Today I want to look at a parable unique to Luke: the Parable of the Pharisee and the Tax Collector. This parable is about how we can be right with God. How does God forgive us our sins and give us eternal life? This parable points the way. This parable features two prayers. But these two prayers reveal two very different hearts: a proud, self-righteous heart; and a broken and humble heart.

Both men go up to the temple, the place of prayer. But only one man goes down to his house justified—that is, right with God, God’s friend, and forgiven. Both men pray. But only one man asked, and therefore received.

Luke explains why Jesus told this parable. Jesus speaks this parable to 'some who were convinced of their own righteousness and had contempt for the rest'. Their hope for righteousness is literally based ‘upon themselves’. They are confident that they are good enough for God. And so the Pharisee in the parable stands for those who believe that God should accept them because of the good things that they have done.

Lots of people think they are good enough for good. I’ve not done anything too bad. God should except me because I am good.

And that’s the Pharisee, the religious leader and bible expert. He stands with himself, apart from the rest, because he is better than the rest. And he prays thanking God for the good person he is and the good things he has done. He says, ‘Thank you that I’m not like other men, robbers, evildoers, adulterers, or like that tax collector. I fast twice a week and give a tenth of all I get’. The Pharisee tells God how good he is. There is no request, nothing asked, because he needs nothing. He is the complete man, in his own mind.

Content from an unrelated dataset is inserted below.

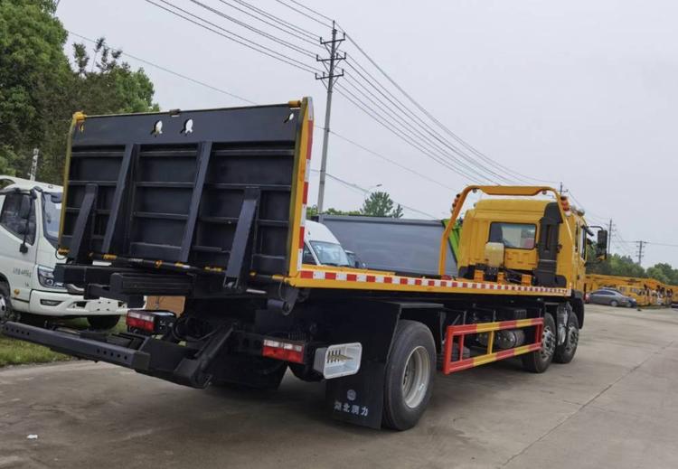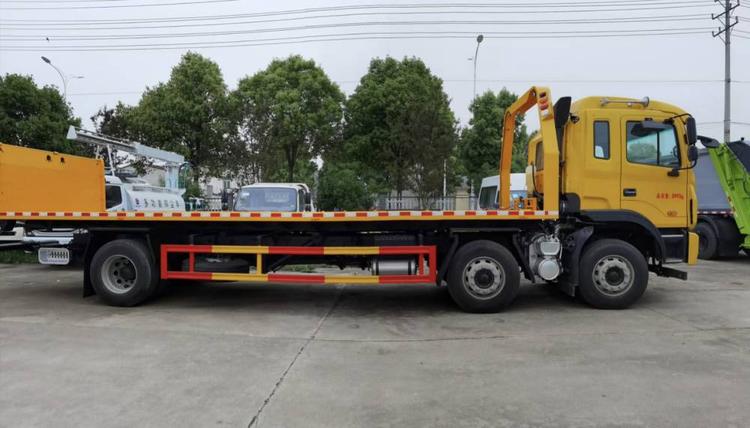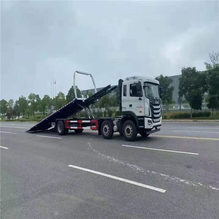 江淮K5小三軸,錫柴290馬力,法士特8檔變速箱 11.00輪胎,280大梁,空調,ABS,行駛記錄儀,電動玻璃升降,電動翻轉,氣囊座椅。 12噸上裝,12噸后托臂,重心低,受力平均,平板尺寸9.6米,平板寬2.55米,10噸液壓卷揚。 湖北程力國六江淮K5小三軸平板清障車(平板長度9.6米)程力牌CL5250TQZH6ZQ型清障車圖片價格:

Jesus says that ‘no-one is good, only God’. There is no one righteous, not even one. I am not righteous, you are not righteous. Each one of us has sinned and fallen short of the glory of God.

The Pharisee thought he was a good man. But he was having himself on. The Pharisee is the tragic figure. He gets what he asked for. He didn’t ask for forgiveness, so he didn’t get it.

For he is not the one who goes home justified. It is the tax collector, the sinner, the one who has done many things wrong, the rat bag. The tax collector equivalent would be the dodgy used car salesman or the con-artist. He is the sort of person who ends up on A Current Affair or Sixty Minutes, involved in some sort of scandal where he is ripping people off. This man—this tax collector—is the one who goes home righteous before God. Let’s see how.

The tax collector is nothing like the Pharisee. The Pharisee is confident that he will be accepted by God because of his goodness. But the tax collector shows no such confidence. He stands far off, while the Pharisee stands self-confidently with himself. The tax collector does not want to lift his eyes to heaven, but the Pharisee has the confidence to look around and give thanks that he is not like the tax collector. The tax collector strikes his chest, a sign of self-loathing and regret. And he prays a very short prayer. “God, have mercy on me, a sinner’. Literally, ‘God, turn your anger away from me, the sinner’ The word used is stronger than mercy: 'God, turn aside your fierce anger from me. Do something about your anger against me. Take it away from me. Yes, I am the sinner. I am the one who deserves it. But turn aside your anger from me, the sinner.'

He asks for God to take away his anger because of his sins. And he gets what he asked for. For the tax collector goes home justified. That is, he goes home pardoned, forgiven, righteous in God’s sight, all of his sins washed away and covered, and never to be counted against him. The good man, the Pharisee, receives no justification, for he never asked for it. He didn’t think he needed it. The bad man, the tax collector, goes home justified, because he recognized himself a sinner, and asked God to turn his anger from him.

Friends, none of us are good enough for God. We have all sinned. We aren’t good. We aren’t righteous by God’s standards. We haven’t been good enough to be right with God by being good. Our own righteousnes will not justify us on the day we meet God face to face.

Friends we must have Jesus and his goodness to get to heaven. We need a righteousness which is through faith in Christ – the righteousness that comes from God and is by faith’ (Philippians 3:8-9).

So we should not think of ourselves as good enough for God. But God is good enough to send Jesus into our world for us sinners. And we should trust Jesus, who lived the perfect life, died for our sins, and rose again for us. And so, like the Tax Collector in the Parable, we can be justified before God, not through our good works. We are forgiven by God through the simple confession of our sins and the asking God to turn his anger away from us.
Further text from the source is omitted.